▸ Exercise data:
==================================================

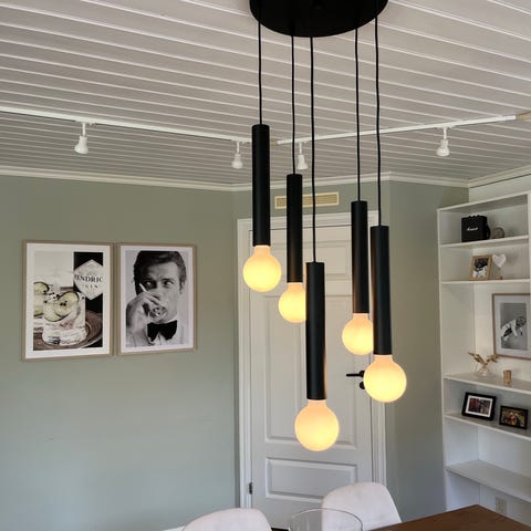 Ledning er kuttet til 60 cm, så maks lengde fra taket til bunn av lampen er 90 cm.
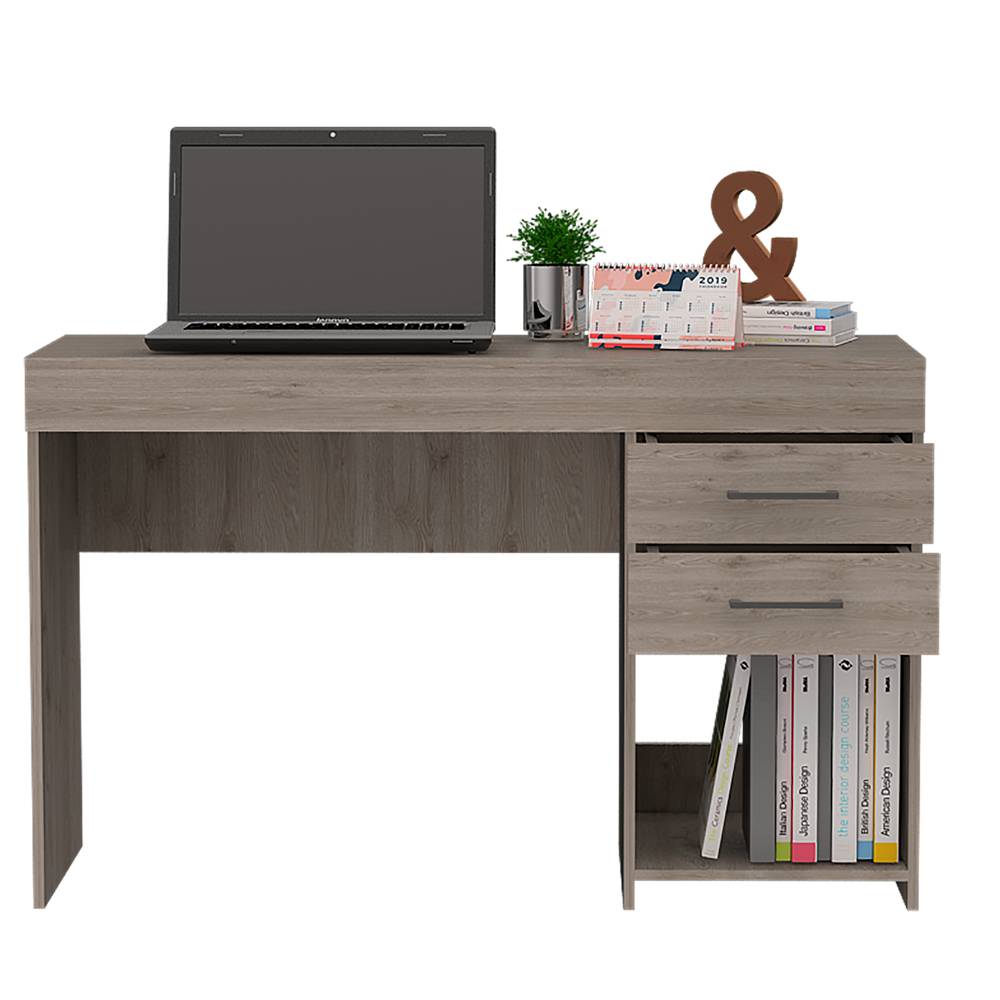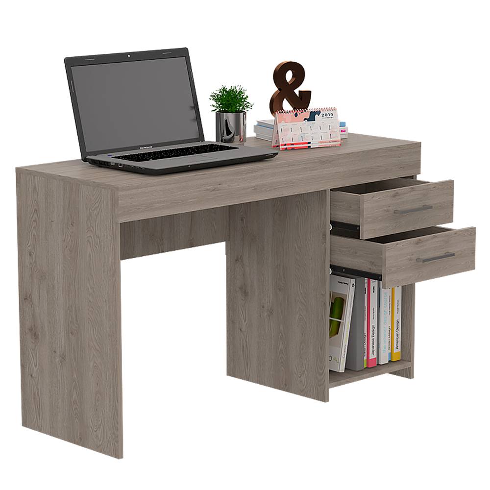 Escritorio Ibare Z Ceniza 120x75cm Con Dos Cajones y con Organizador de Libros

==================================================

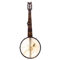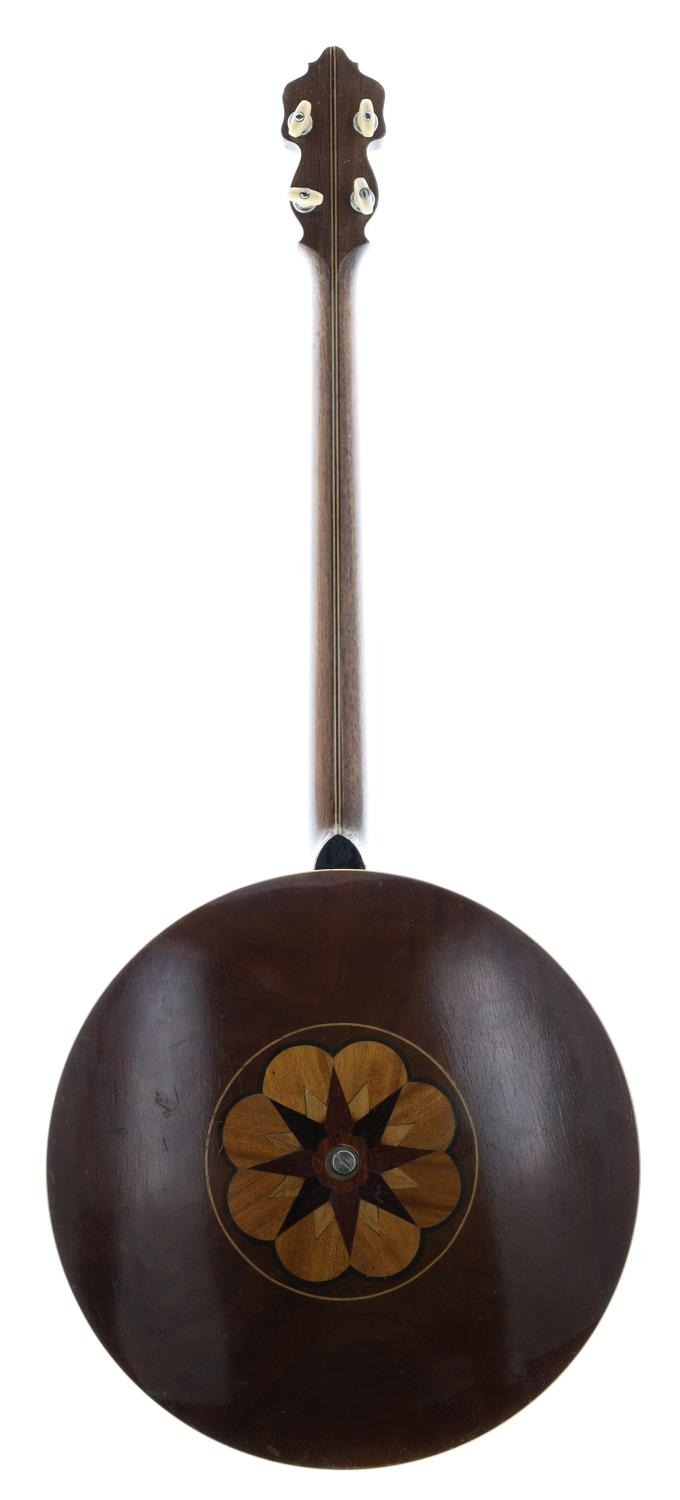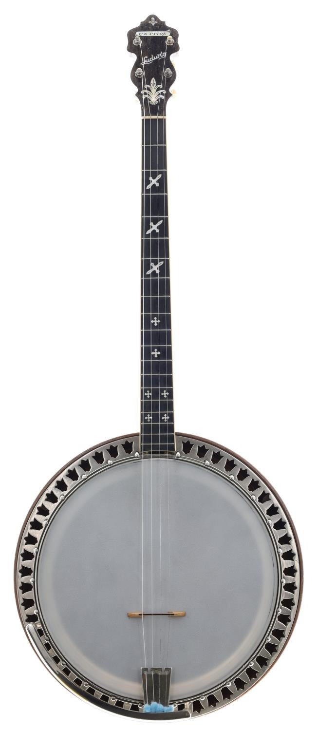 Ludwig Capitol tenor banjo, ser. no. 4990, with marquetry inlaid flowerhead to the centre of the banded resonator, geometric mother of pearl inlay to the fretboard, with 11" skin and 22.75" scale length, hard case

==================================================

▸ Assignment: The reply should hold the entries above from the line with "Ledning er kuttet" to the line with "Escritorio Ibare Z", duplicated exactly, pictures excluded.

▸ Result of the exercise:
 Ledning er kuttet til 60 cm, så maks lengde fra taket til bunn av lampen er 90 cm.
 Escritorio Ibare Z Ceniza 120x75cm Con Dos Cajones y con Organizador de Libros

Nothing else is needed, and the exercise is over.